Furthermore, Buck and Moore want to create a community that will be environmentally friendly.
The guiding principles of Eldergreen say, “We wish to have a small footprint on the earth which will require living compactly in a place that is easily accessible to necessary services and resources without the dependence upon individual vehicles.”
Buck said that she imagines the project coming together in a place like Carrboro because she wants the residents to be able to walk, drive golf carts or take public transportation to spare the environment the damage caused by personal cars and trucks.
“The ideal place for our community would be right on top of Weaver Street [Market],” she said jokingly. “So we’d just have to go downstairs.”
Arcadia and Pacifica are two other cohousing communities in Carrboro. They were created with the efforts of architect Giles Blunden, a friend of Buck and Moore.
Eldergreen will be different from the cohousing communities already in Carrboro because Eldergreen is specifically for seniors. Other than health care needs, seniors have different wants than young couples with children, Buck said.
“Cohousing communities that have people with children organize around the needs of the children,” she said. “Some older people don’t want to live with children.”
Furthermore, some cohousing communities not intended for older residents simply are not prepared to help an older resident who becomes disabled, Buck said. One man, who told Buck he may be interested in moving out of his cohousing community and into Eldergreen, said that his community no longer suits him in his retirement because he finds that there is no one to talk to during the day.

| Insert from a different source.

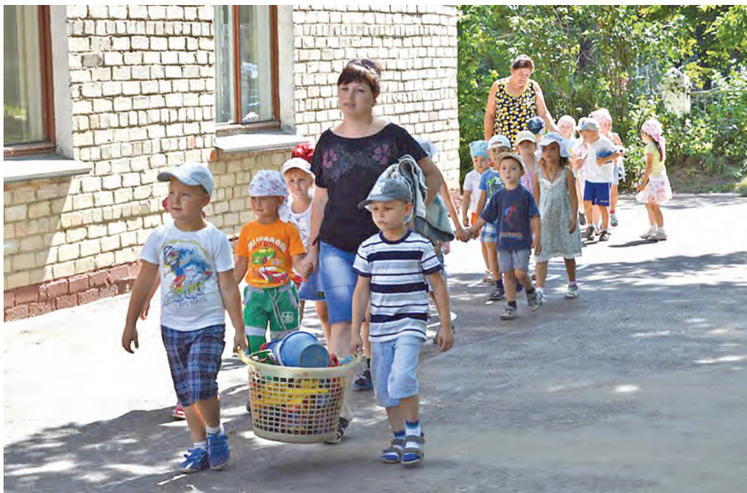
В сентябре и воспитанников детских садов ждут учебные занятия

В эти дни и недели идет поочередная проверка готовности городских учреждений образования к новому учебному году.

Buck plans for the project to be complete in the next five years. “While we’re still alive!” she said. But she also said she knows that factors beyond anyone’s control can often slow progress.
Now the group has eight core members and wants to expand its membership. The next meeting is Sun., April 13 at 3:30. Interested parties should contact Buck and Moore for more information at eldergreencohousing@yahoo.com or 919-967-5734.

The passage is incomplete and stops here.